## [Your objective]
Copy out exactly the stretch below, from the line with "of data collection." through the line with "Découvrez Le lampadaire", both included; the pictures stay out.

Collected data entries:

━━━━━━━━━━━━━━━━━━━━

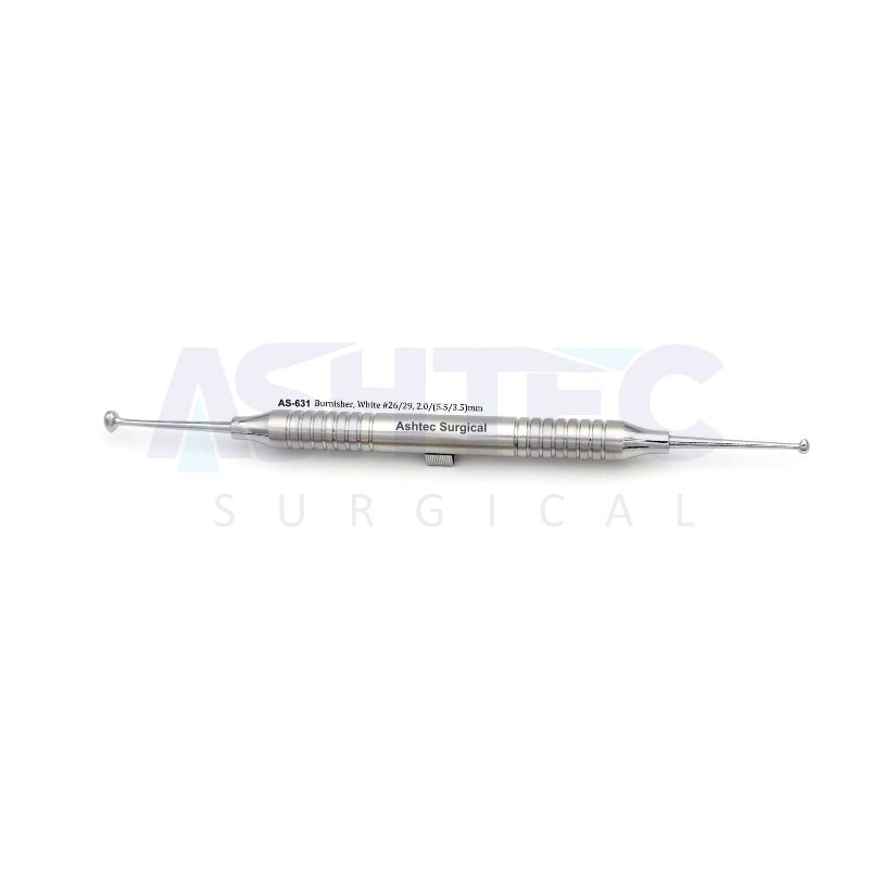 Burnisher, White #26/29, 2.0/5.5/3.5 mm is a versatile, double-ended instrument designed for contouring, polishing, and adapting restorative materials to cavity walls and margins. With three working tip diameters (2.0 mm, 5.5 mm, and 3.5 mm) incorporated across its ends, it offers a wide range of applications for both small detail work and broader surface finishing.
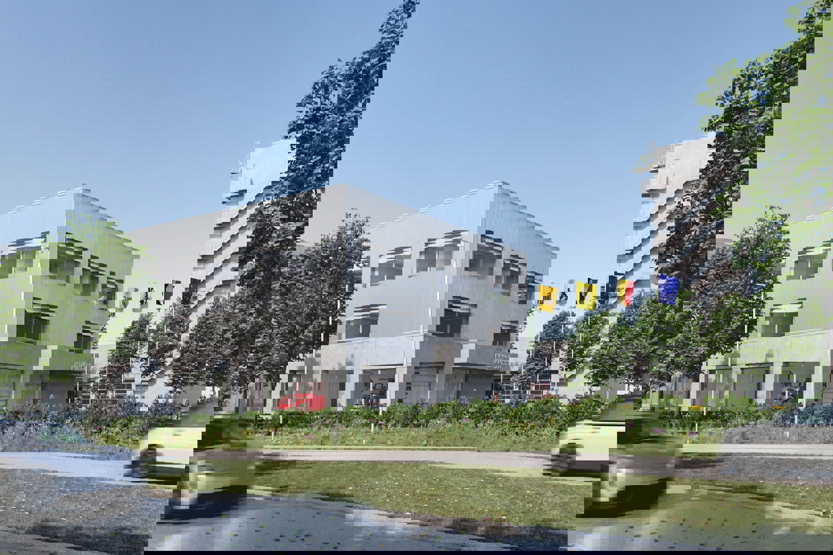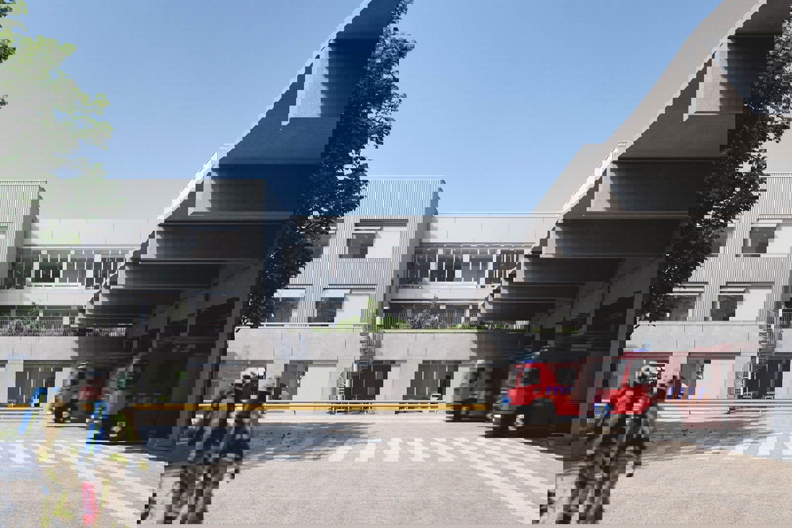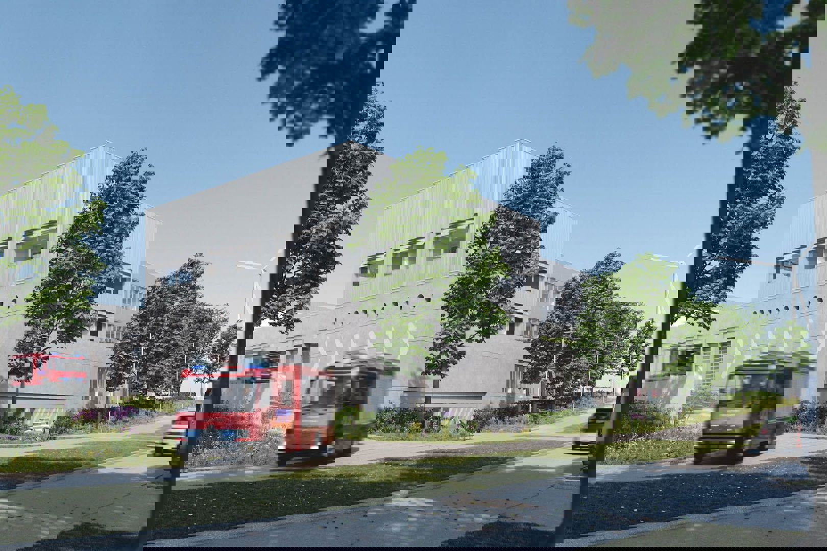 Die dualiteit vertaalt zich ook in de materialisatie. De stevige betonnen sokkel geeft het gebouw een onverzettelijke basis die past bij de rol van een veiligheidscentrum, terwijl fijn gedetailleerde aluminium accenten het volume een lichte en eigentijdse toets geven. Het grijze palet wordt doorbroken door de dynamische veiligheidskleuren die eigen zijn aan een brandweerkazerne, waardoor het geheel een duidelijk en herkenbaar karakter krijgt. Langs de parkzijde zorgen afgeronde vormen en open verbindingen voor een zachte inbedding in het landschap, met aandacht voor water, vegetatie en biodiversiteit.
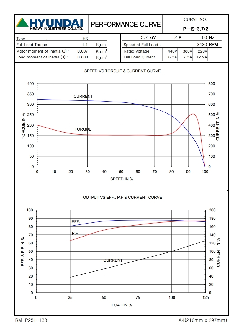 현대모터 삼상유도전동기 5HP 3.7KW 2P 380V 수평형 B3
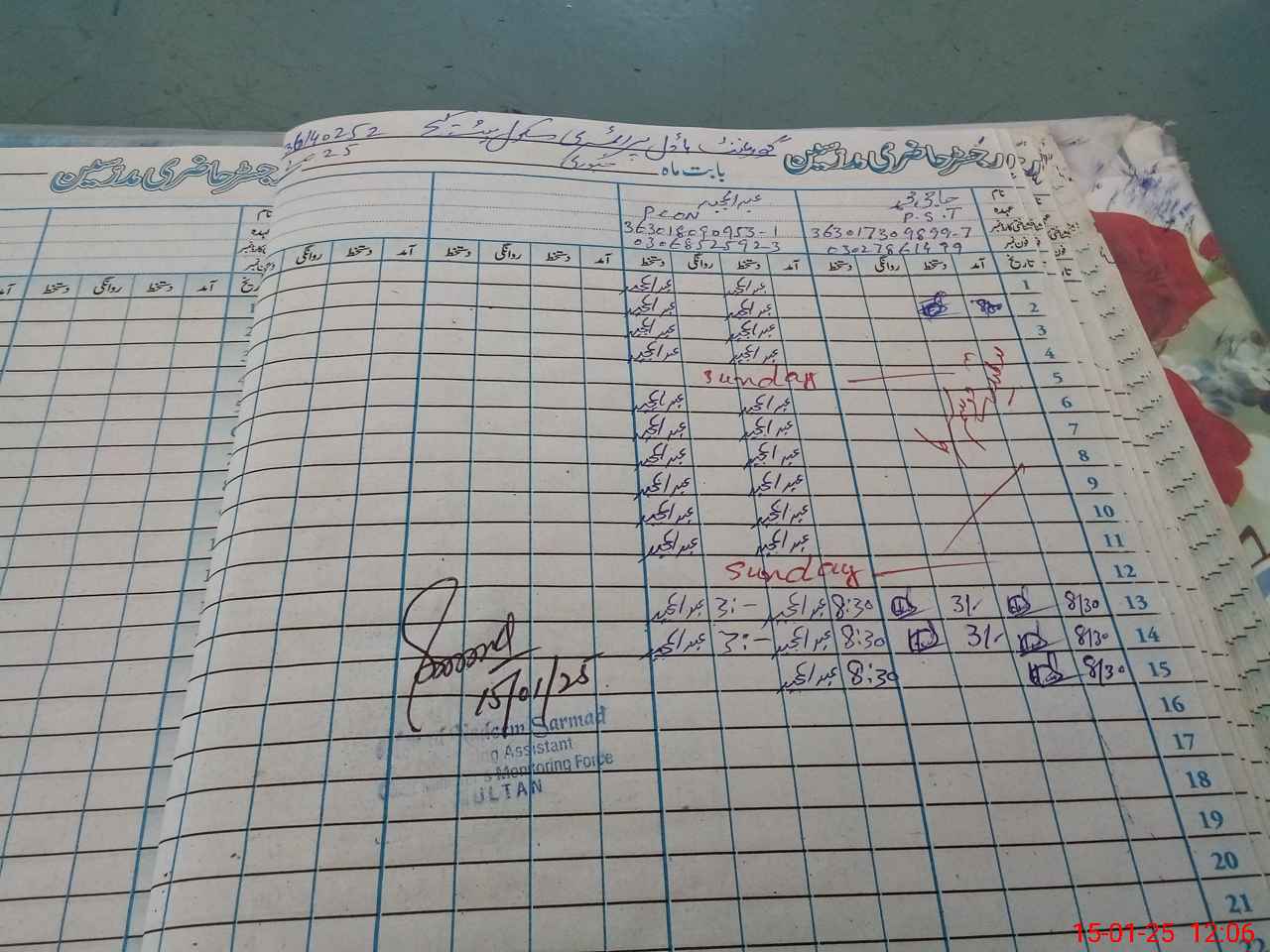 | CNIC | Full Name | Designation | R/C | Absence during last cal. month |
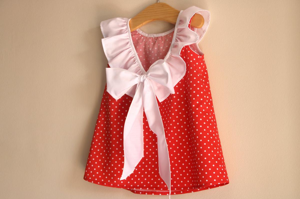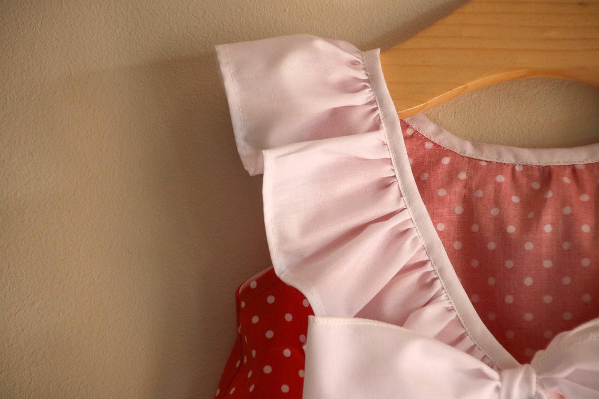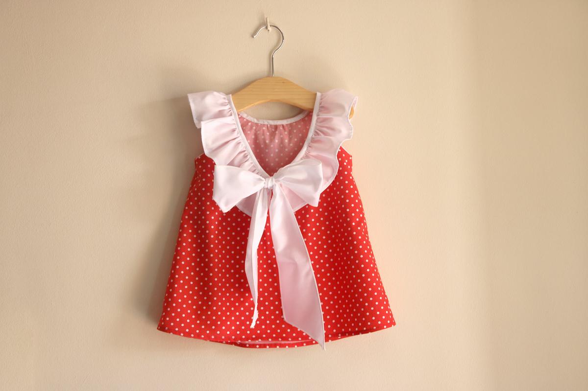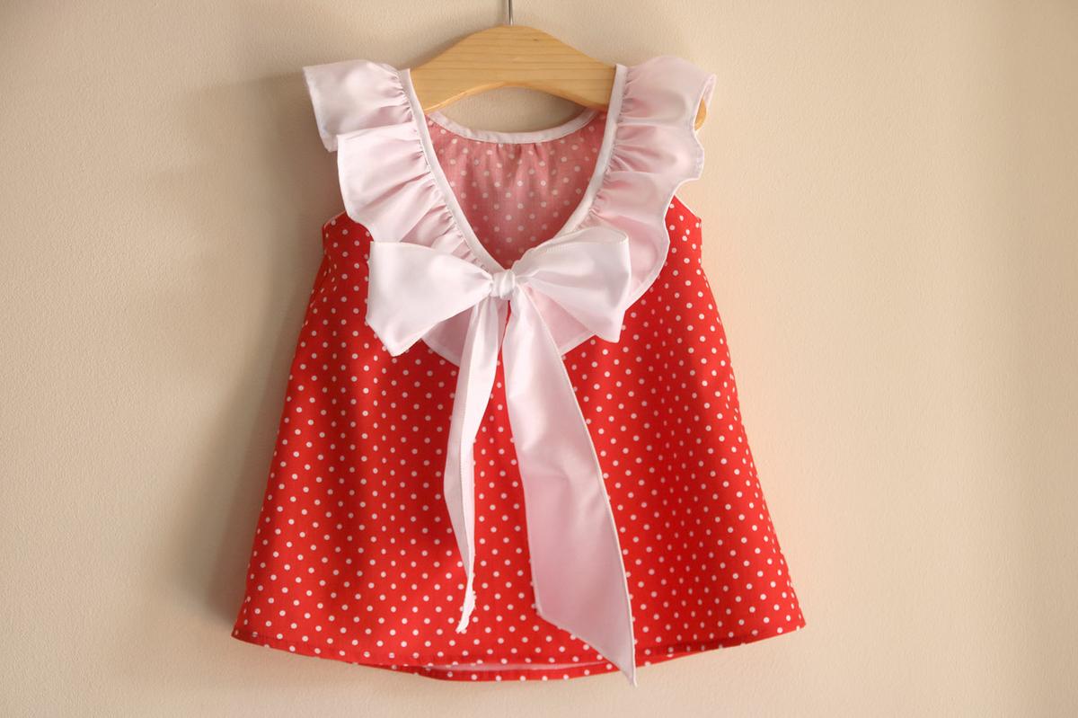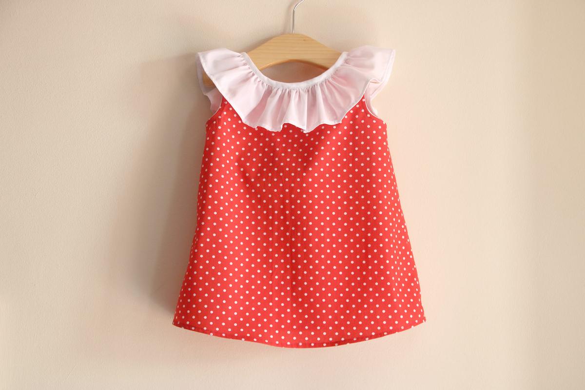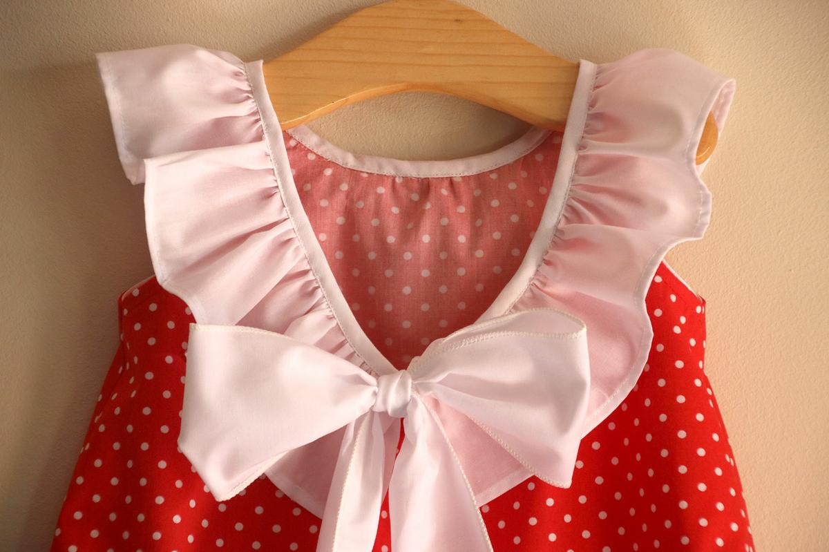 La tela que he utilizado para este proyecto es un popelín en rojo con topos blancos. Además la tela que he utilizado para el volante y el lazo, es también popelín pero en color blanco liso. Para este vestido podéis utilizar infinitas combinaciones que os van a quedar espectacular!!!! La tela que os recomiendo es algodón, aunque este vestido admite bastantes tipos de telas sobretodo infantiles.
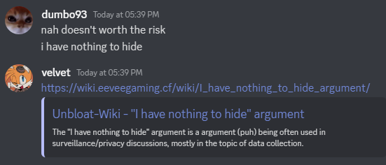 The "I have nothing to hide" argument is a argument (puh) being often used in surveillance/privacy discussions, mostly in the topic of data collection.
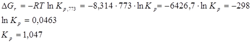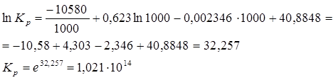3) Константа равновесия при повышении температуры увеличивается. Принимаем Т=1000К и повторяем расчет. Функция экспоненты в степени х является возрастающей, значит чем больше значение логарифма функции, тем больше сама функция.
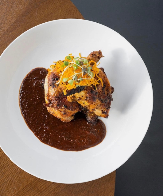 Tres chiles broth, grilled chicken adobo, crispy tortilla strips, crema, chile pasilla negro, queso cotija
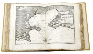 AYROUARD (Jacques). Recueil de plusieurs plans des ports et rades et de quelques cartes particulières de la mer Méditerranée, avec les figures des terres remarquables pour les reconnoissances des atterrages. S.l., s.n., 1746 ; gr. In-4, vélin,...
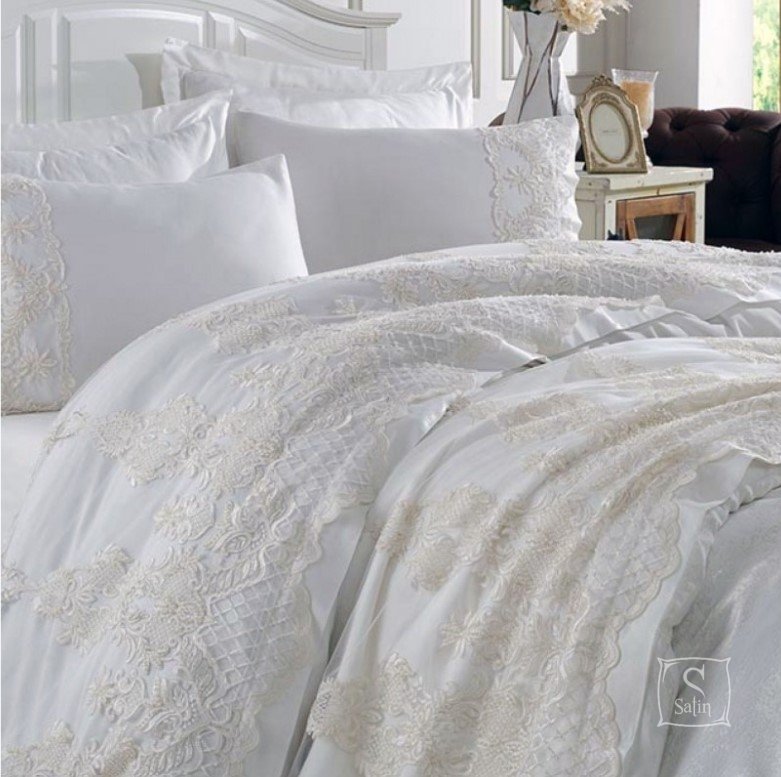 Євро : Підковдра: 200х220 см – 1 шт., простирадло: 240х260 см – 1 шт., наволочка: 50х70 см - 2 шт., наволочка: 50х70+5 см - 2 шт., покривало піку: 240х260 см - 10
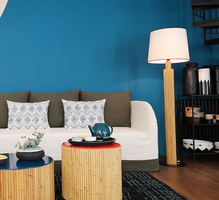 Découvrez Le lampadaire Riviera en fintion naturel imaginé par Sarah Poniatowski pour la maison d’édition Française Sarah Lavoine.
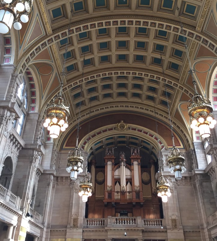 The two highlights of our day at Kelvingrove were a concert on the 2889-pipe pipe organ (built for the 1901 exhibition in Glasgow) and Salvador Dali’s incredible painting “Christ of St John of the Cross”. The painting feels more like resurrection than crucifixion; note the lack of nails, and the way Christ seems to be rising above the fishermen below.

━━━━━━━━━━━━━━━━━━━━

## [Answer to this problem]
 The "I have nothing to hide" argument is a argument (puh) being often used in surveillance/privacy discussions, mostly in the topic of data collection.
3) Константа равновесия при повышении температуры увеличивается. Принимаем Т=1000К и повторяем расчет. Функция экспоненты в степени х является возрастающей, значит чем больше значение логарифма функции, тем больше сама функция.
 Tres chiles broth, grilled chicken adobo, crispy tortilla strips, crema, chile pasilla negro, queso cotija
 AYROUARD (Jacques). Recueil de plusieurs plans des ports et rades et de quelques cartes particulières de la mer Méditerranée, avec les figures des terres remarquables pour les reconnoissances des atterrages. S.l., s.n., 1746 ; gr. In-4, vélin,...
 Євро : Підковдра: 200х220 см – 1 шт., простирадло: 240х260 см – 1 шт., наволочка: 50х70 см - 2 шт., наволочка: 50х70+5 см - 2 шт., покривало піку: 240х260 см - 10
 Découvrez Le lampadaire Riviera en fintion naturel imaginé par Sarah Poniatowski pour la maison d’édition Française Sarah Lavoine.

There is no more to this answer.